How Do I Get a Good Debt Consolidation Loan?
If you are like many other consumers, you carry high balances on your credit cards, personal loans and other types of debts. Perhaps you have reasonable balances, but you have so many accounts that you struggle to keep up with the payments. Debt consolidation is a strategic way to improve your financial management and to potentially pay your debts off at a faster pace.
Debt consolidation essentially is a way to refinance a few or even all of your debts into a new account. Typically, this account has much more advantageous terms, such as a lower interest rate or a fixed term rather than a revolving term. Many people who have successfully consolidated their debts have been able to lower their monthly debt payments, reduce interest charges, pay debt off faster and achieve other significant benefits. If you have never consolidated personal debts before, you may understandably feel intimidated and confused by the process. However, when you walk through these seven simple and straightforward steps, you may be able to start taking advantage of the benefits of debt consolidation yourself.
Seven Steps to Get a Debt Consolidation Loan
- Create a Detailed List of Your Debts
- Explore Opportunities for a Secured Debt Consolidation Loan
- Review Unsecured Debt Consolidation Loan Programs
- Use a Debt Consolidation Calculator
- Get Pre-Qualified
- Decide Which Debts You Wish to Consolidate
- Finalize the Consolidation Loan Paperwork
The Seven Steps Explained
Some people have a misconception that consolidation is always the right way to tackle a personal debt problem, but this is not the case. Some consolidation loan options may not offer substantial benefits. In order to find a suitable consolidation loan program to use, you must first understand what your debt situation is. Spend a few minutes listing each personal debt that you have. For each account, include the minimum monthly payment required, the outstanding balance, the interest rate, if the account is fixed or revolving and how many months remain on a fixed term loan. It may also be wise to revise your list so that the accounts are listed in order based on the monthly payment amount or the interest rate.
There are two primary types of consolidation loans, and one of these is a secured loan. The most common type of secured loan is a home equity loan. You will need to have sufficient equity in your home to qualify for a suitable loan amount. Home loans usually have very low interest rates compared to credit cards and many other types of debts, so the interest savings could be substantial. One thing to watch out for, however, is the loan term. You may take out an equity loan that takes decades to pay off. On the other hand, you may be able to eliminate your debts faster if you keep them in their current format. You will need to weigh the pros and cons of all options before you decide how to proceed.
There are also unsecured debt consolidation loan options. Some people will consolidate two or more credit card accounts into a single credit card account. This may work well if you have a great offer on balance transfers. However, because credit cards have a revolving term, taking out an unsecured bank loan may be a better idea. A bank loan typically has a fixed term and a lower rate than credit cards have. Therefore, a bank loan may allow you to pay off most or all of your debt within a few years with a fixed payment plan.

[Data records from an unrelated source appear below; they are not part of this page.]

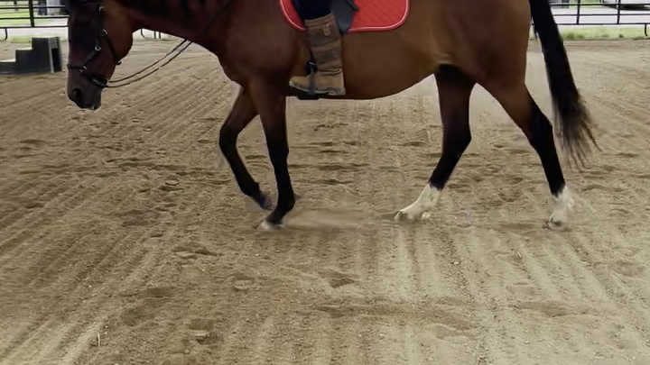 “Dixie” is a smart, athletic off-the-track Thoroughbred (OTTB) with a heart full of potential. Sensitive to a rider’s energy and seat, she responds best to calm, quiet handling and truly shines with consistency. Dixie is an eager-to-please mare who is currently building topline muscle, learning to relax through her body, and developing correct movement.
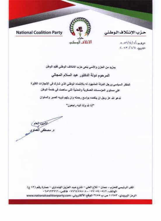حزب الائتلاف الوطني ينعى دولة الدكتور عبد السلام المجالي
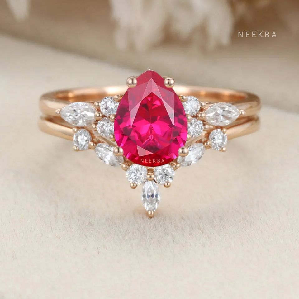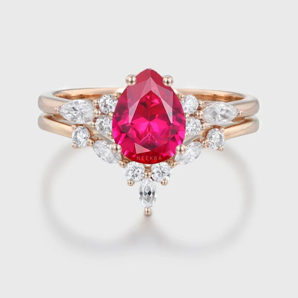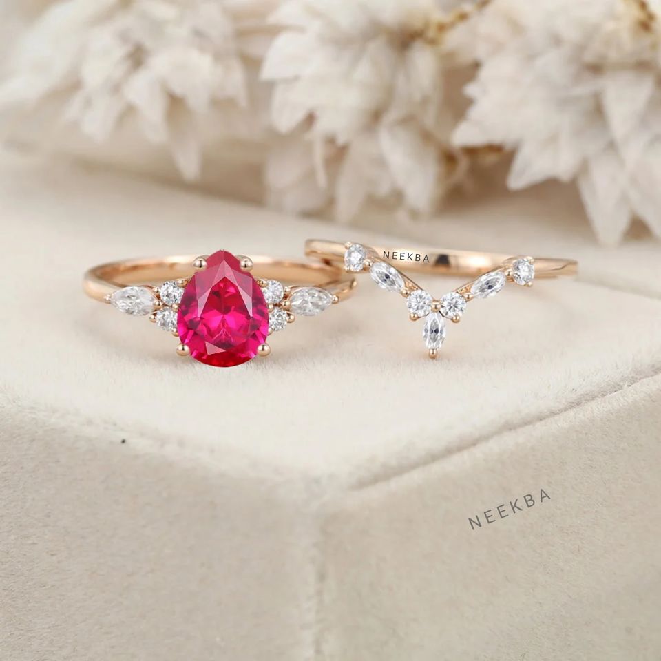 Ensemble de bagues de mariée rubis et moissanite-Bague de fiançailles en forme de poire avec alliance en moissanite contour en or rose massif 14 carats
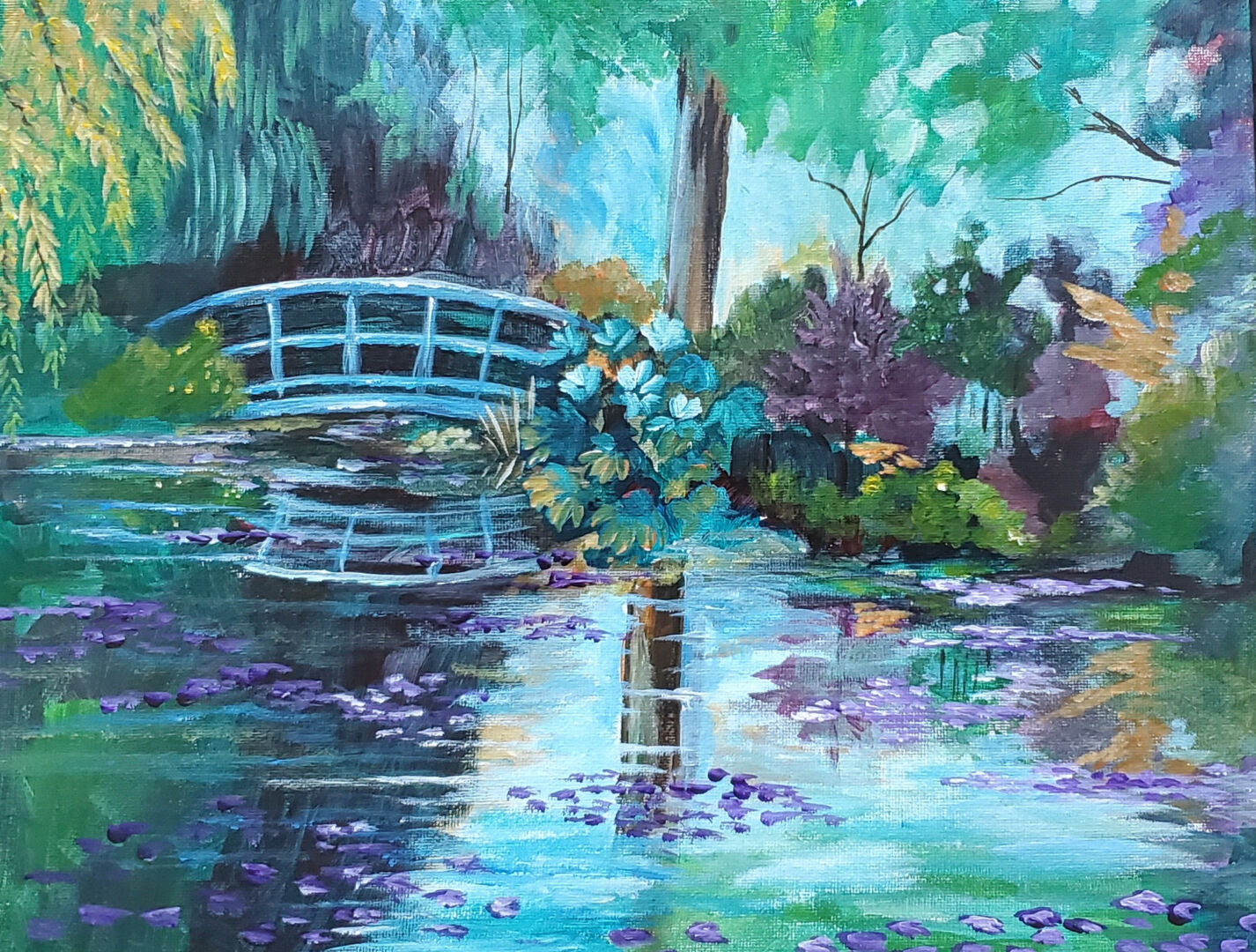 My art tends to be impressionistic and a bit experimental at times. I paint with acrylics primarily, but if I hit a “dry spell”, I will break out the watercolors, oils, pastels, or even the crafts! My studio can more more of a laboratory at times and you never know what might be on the workbench.
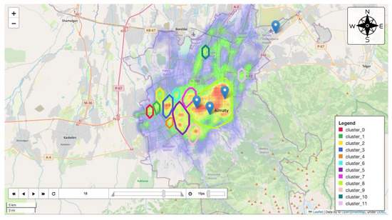 A comparison of the clustering maps constructed for different time intervals allowed us to analyze the dynamics of population activity within the static clusters throughout the day. To achieve this, the cluster boundaries were overlaid on an activity heat map (see Figure 9). The analysis revealed that between 14:00 and 14:59, the highest load falls on clusters located in commercial and business districts, likely due to the lunch break. In the evening, between 18:00 and 18:59, the load is redistributed, reflecting the end of the workday and the movement of the population toward residential and recreational areas. The alignment of the cluster boundaries with the zones of highest population density confirms both the accuracy of their delineation and the adequacy of the chosen clustering method.

There are numerous ways to consolidate debt, and each option may be more or less advantageous to you. After you get to know more about the feasible options available, you need to compare the pros and cons. One way to determine which debt consolidation loan program is financially advantageous is to use an online consolidation calculator. These calculators vary, but you can usually quickly determine the financial savings and payoff debts for each loan program you are thinking about using through the use of an online calculator.
Your next step involves getting pre-qualified for the loan program that you are most interested in. A credit card balance transfer does not have a pre-qualification process. You simply contact the credit card company to initiate the balance transfers. If you intend to apply for a home equity loan, a bank loan or any other type of new loan, contact the lender to determine the pre-qualification process. This important step will tell you if the program that you are interested in is feasible.
Keep in mind that you do not necessarily need to consolidate all of your debts. Some people find that they cannot qualify for a large enough loan to cover all of the debts, but they can benefit through a partial consolidation. Others decide that they are so close to paying off an account or two that they keep those debts out of their consolidation efforts. After you have decided which debts you want to consolidate, you simply complete the lender’s application process and start taking advantage of the benefits of debt consolidation.